While the Paris Games marked a dark period for the company, they also crystalized a vision of sports that includes seeing that “the city is the stadium,” as the CEO put it. It matches a brand that is “not about aesthetics, not about winning at all costs,” he said. “It is really about a form of emancipation, of well-being for oneself.”
Another asset up its 144-year-old sleeve is that “the brand has accompanied all sports, collective and individual, which is really rare,” Fauvet added. “It’s also the only brand that is balanced on textile and footwear, the two pillars in terms of business, and speaks equally to men and women.”
Production in Romilly-sur-Seine, a city in central France about 90 minutes outside of Paris, allows for small-series runs of up to 400 pieces with international distribution. There will likely be further developments shown at fashion weeks in the fall and by early 2027 the brand plans to present denser made-in-France men’s and women’s collections.
For Monfort, this trajectory will prove “we can do things thought, imagined, designed and produced in France, an hour and half outside Paris,” he said. “It adds magic and we know that internationally, this has value.”
The French company’s goal is to top 150 million euros in sales by 2028, with a third of the business coming from the U.S. In the meantime, its spring 2027 orders are up 50 percent.

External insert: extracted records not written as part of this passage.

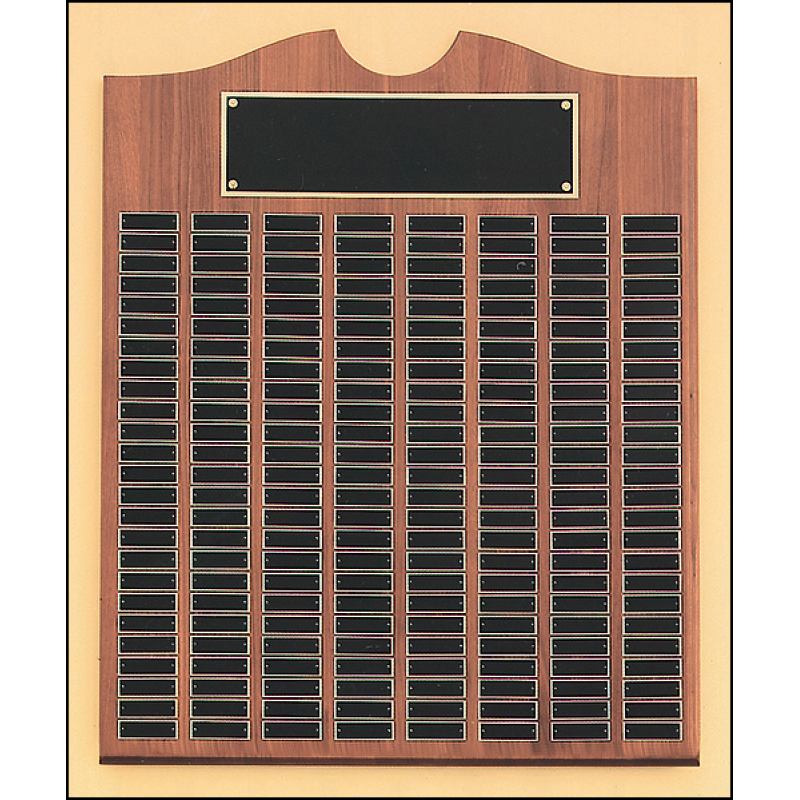 America's most popular line of perpetual plaques, appropriate for donor and alumni walls. Solid American walnut plaque with traditional scalloped design top. A wide choice of plate combinations to suit almost any purpose. Black brass plate(s). Individual plates are 7/8" x 2-3/4". Made in USA.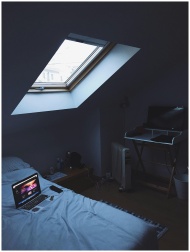 A modern home office setup in a cozy attic bedroom with skylight.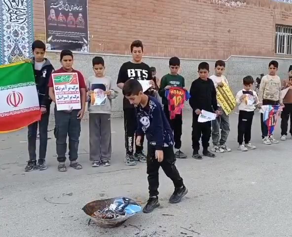 不满梅西与特朗普会面,有伊朗儿童焚烧梅西队服+举标语抗议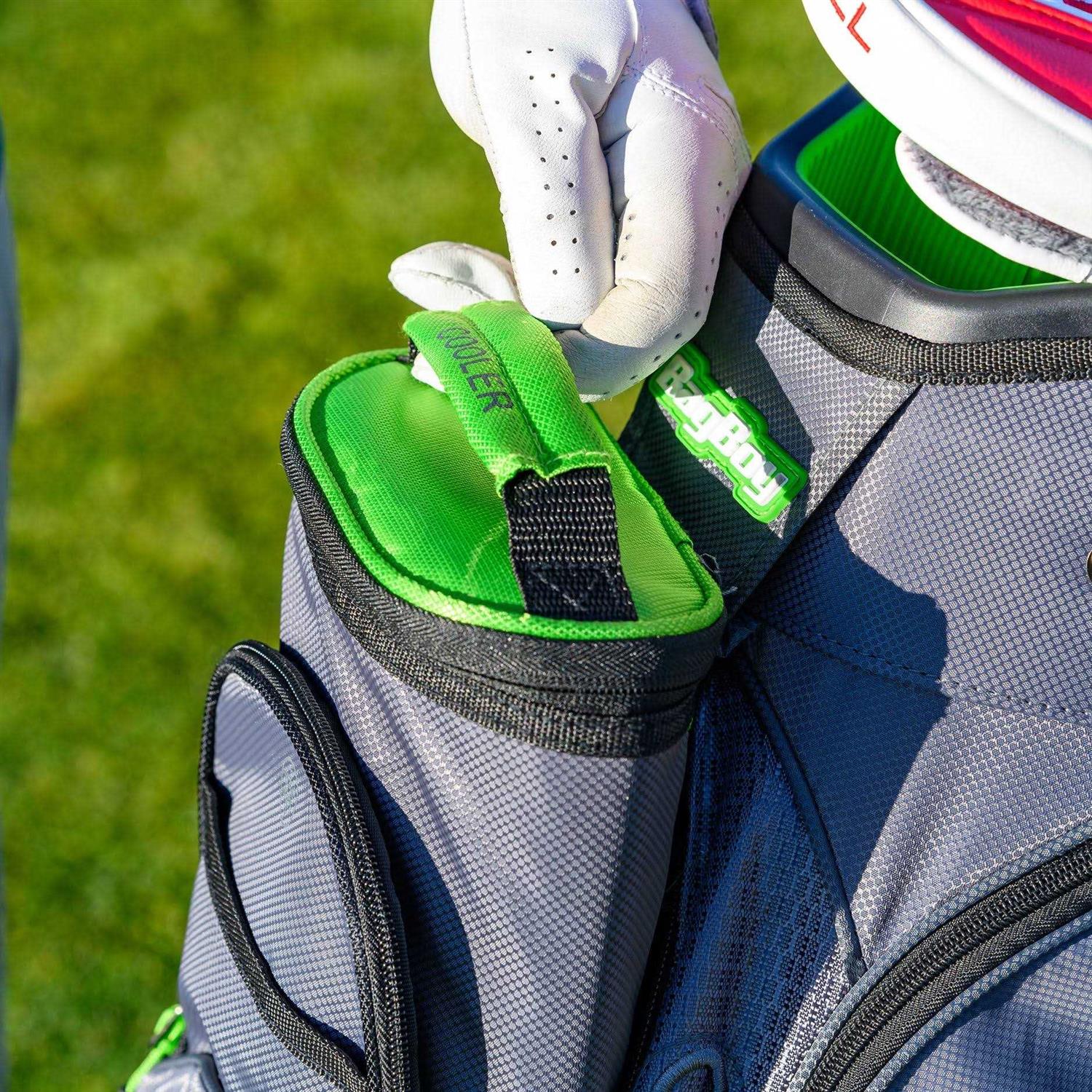 Stay hydrated on the course with the Chiller cart bag featuring a removable insulated cooler bag that holds up to six 12-oz. cans.
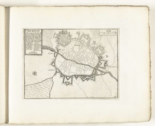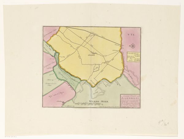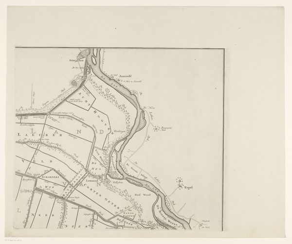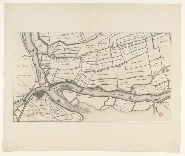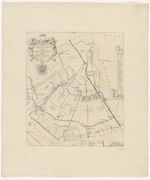 Editor: We’re looking at an engraved map from 1718, titled "Kaart van Assendelft met dijkdoorbraken, 1717," which translates to “Map of Assendelft with breached dikes.” It’s a detailed rendering in ink, and my initial thought is how clearly it demarcates space, almost like a stark diagram. What do you see when you look at this piece? Curator: Its composition reveals a carefully constructed hierarchy. Observe how the lines vary in weight, some boldly defining geographical boundaries, others delicately tracing waterways. This visual structure isn't merely representational; it's a deliberate arrangement intended to convey information and potentially, a specific viewpoint on the landscape and its vulnerability. Note the sharp delineation, which offers a precise and objective feel, seemingly free from embellishment. What structural elements contribute to this effect of detached precision? Editor: I guess the stark contrast between the lines and empty spaces. The shapes almost seem like abstract forms independent from their function as a map. Is it fair to say that this is almost an early form of information art? Curator: I would argue it shares visual language with abstract expressionism in the sense that each area or form contributes to an overall composition. Its intention is rooted in function rather than purely aesthetic exploration, though. Consider how the very materiality of the engraving—the incised lines on the plate, the pressure applied during printing—impacts the overall reading of the work. Can we divorce its informative function from the purely visual experience? Editor: That's a very helpful consideration. Thank you for this observation about materiality; it is something to bear in mind going forward. Curator: You're most welcome. Exploring such intersections allows for deeper insights into the multifaceted nature of art, its structural components, and how meaning is conveyed through form.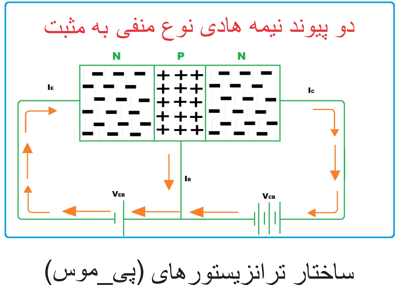 ترانزیستور مثبت pMOs (کانال _ پی) اولیه از دو پیوند نیمه هادی تشکیل شده اند و بر حسب آنکه چگونه این پیوند ها به یکدیگر متصل شده باشند می توان آنها را به دو نوع اصلی PNP یا NPN تقسیم کرد. برای درک نحوه عملکرد یک ترانزیستور ابتدا باید بدانیم که یک پیوند (Junction) نیمه هادی چگونه کار می کند.یک پیوند نیمه هادی از نوع PN را مشاهده می کنید. که از اتصال دادن دو قطعه نیمه هادی P و N به یکدیگر درست شده است. نیمه هادی های نوع N دارای الکترونهای آزاد و نیمه هادی نوع P دارای تعداد زیادی حفره (Hole) آزاد می باشند. بطور ساده می توان منظور از حفره آزاد را فضایی دانست که در آن کمبود الکترون وجود دارد.
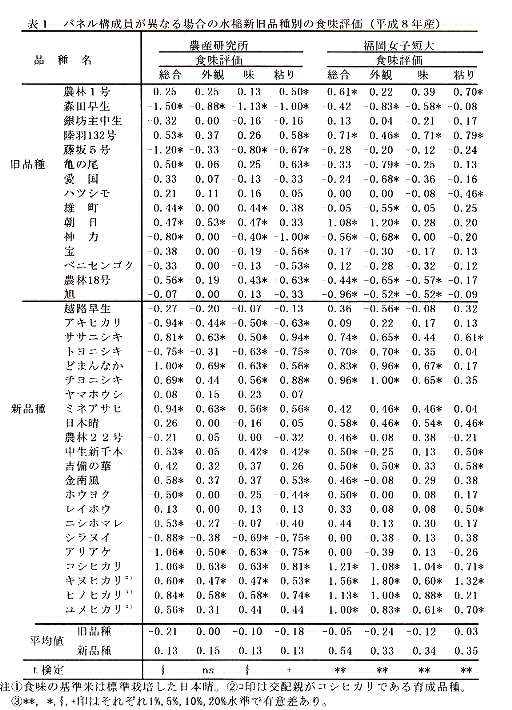 @水稲新旧品種の食味総合評価は、生産年(平成7年と平成8年、r=0.675***、n=31)およびパネル構成員(農産研究所と福岡女子短大、r=0.669***、n=37)が異なっても傾向は同じである(表1)。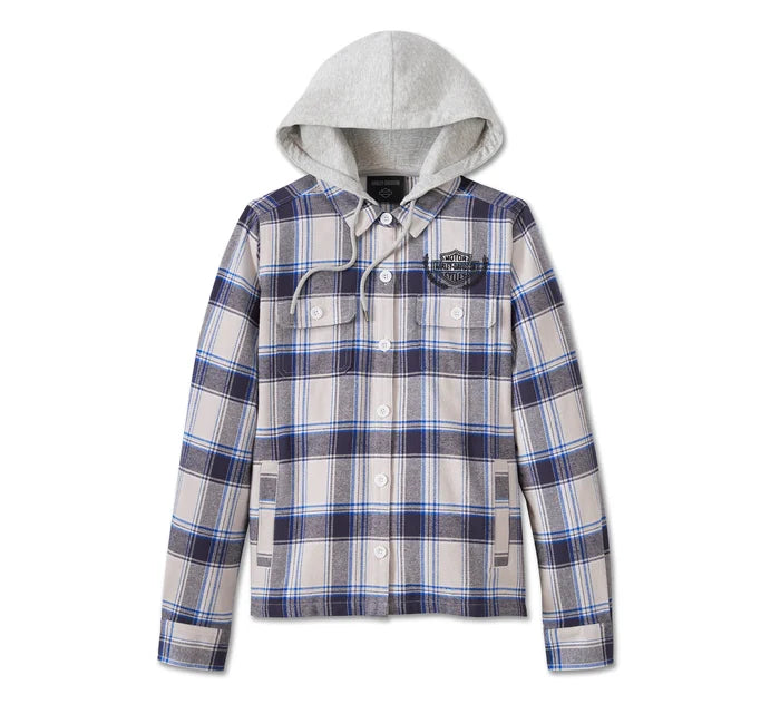 Plaid gets a race-inspired upgrade on the Harley Heritage Classic Shirt Jacket. This women’s hooded flannel shirt jacket is made from heavyweight brushed cotton twill. It features a removable hood that zips on and off, hand-warmer pockets that snap closed, and a hidden snap-down collar that won’t flap around under riding gear. Its fresh plaid pattern plays well with the embroidered seasonal graphics that honor our proud racing history.

Early signs are encouraging. Fauvet said that the U.S. market, where Le Coq Sportif has not been present with physical distribution for many years, has emerged as the second largest after France, particularly since the e-commerce launch.
While that’s only a 10 percent share of the business currently, it happened “without any marketing activity” targeting the territory. That’s set to change in September, with an initiative in New York on the cards.
“We are going to offer Le Coq Sportif again the commercial, reputational and prestige success that the brand deserves,” said Monfort. “That is our only mission.”

A look from Le Coq Sportif’s relaunch.